Vitamin C or E pills do not help prevent cancer in men, concludes the same big study that last week found these supplements ineffective for warding off heart disease.
When researchers compare people’s diets and find that a vitamin seems to help, the benefit may not translate when that nutrient is obtained a different way, such as a pill.
“Antioxidants, which include vitamin C and vitamin E, have been shown as a group to have potential benefit,” but have not been tested individually for a long enough time to know, said Howard Sesso of Harvard-affiliated Brigham and Women’s Hospital in Boston.
The Physicians Health Study, which he helped lead, was designed to do that. It involved 14,641 male doctors, 50 or older, including 1,274 who had cancer when or before the study started in 1997. They were included so scientists could see whether the vitamins could prevent a second cancer.
Participants were put into four groups and given vitamin E, vitamin C, both, or dummy pills. The dose of E was 400 international units every other day; C was 500 milligrams daily.

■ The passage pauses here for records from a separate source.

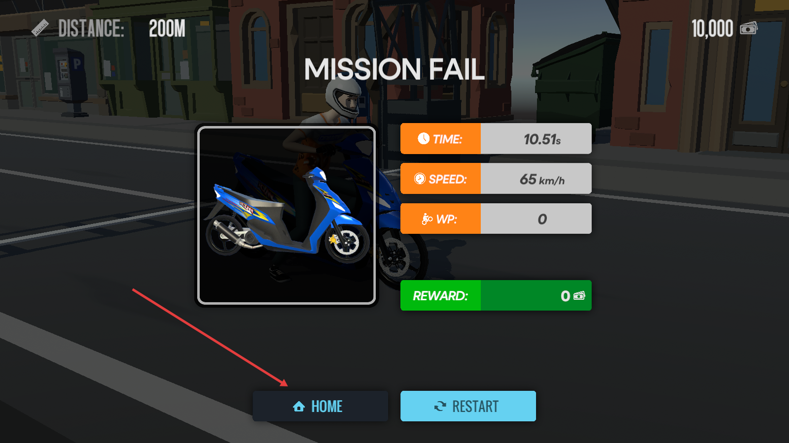 4、若触发【MISSION-FAIL】,可点击【RESTART】重玩关卡,或点【HOME】返回主界面调整策略。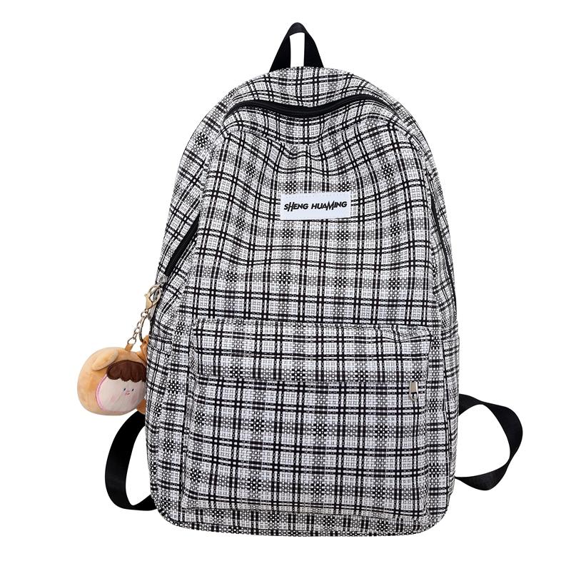 Школьный рюкзак в клетку, женский рюкзак большой емкости, рюкзак для учащихся старших классов средней школы чёрный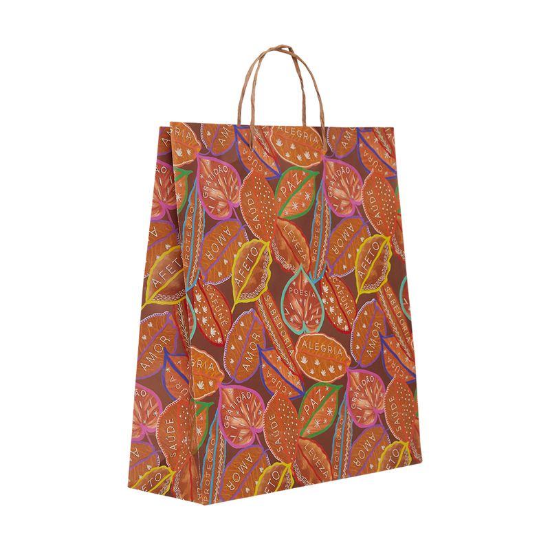 SACOLA DE PRESENTE G FOLHAS DESEJOS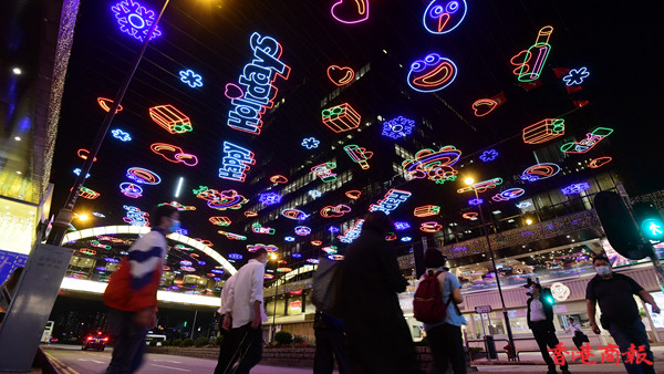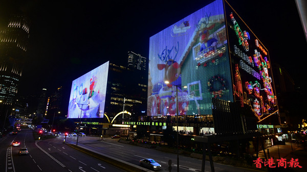 一年一度的聖誕燈飾開始亮燈。東尖沙咀地產發展商聯會今年舉辦「閃爍尖東耀香江」亮燈活動,區內及海濱長廊一帶多棟大廈的外牆燈飾昨晚同時亮起,包括尖沙咀中心及帝國中心,設由8.2萬顆變色LED圓點燈組成的多媒體幕牆燈飾,配以動感節拍躍動,變成「跳舞機」;南洋中心外牆亦掛上以「笑哈哈」公仔為主題的燈飾。(記者崔俊良攝)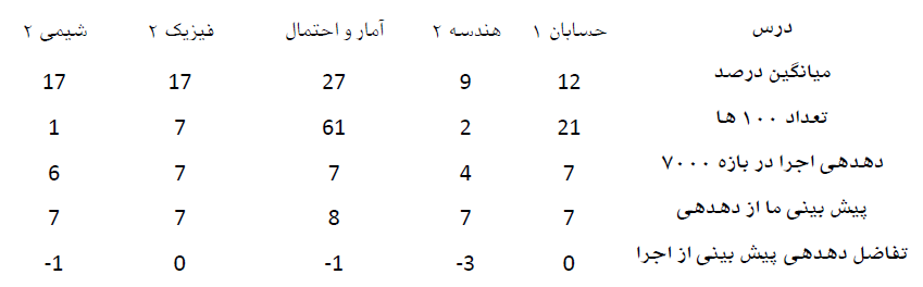 در این قسمت، بعد از برگزاری هر آزمون در مورد سطح دشواری آن به شما گزارش میدهیم و آن را با پیش‌بینی خودمان مقایسه میکنیم. جدول زیر بخوبی بیانگر این موضوع است.

After an average of eight years, there were 1,929 cases of cancer, including 1,013 cases of prostate cancer, which many had hoped vitamin E would prevent.
However, rates of prostate cancer and of total cancer were similar among all four groups.
The study was funded by the National Institutes of Health and several vitamin makers. Results were being reported Sunday at an American Association for Cancer Research conference in Washington.
“The American Cancer Society recommends getting these and other nutrients by eating a mostly plant-based diet with a variety of vegetables, fruits and whole grains,” said Marji McCullough, nutrition chief at the American Cancer Society. “A bonus is that this type of diet helps to prevent obesity, which increases the risk of several cancers.”
About 12 percent of Americans take supplements of C and E. The new study does not mean these vitamins have no value, just that they didn’t prevent cancer in this group of doctors, who may be healthier than the general population, said Dr. Peter Shields, deputy director of Georgetown University’s Lombardi Comprehensive Cancer Center.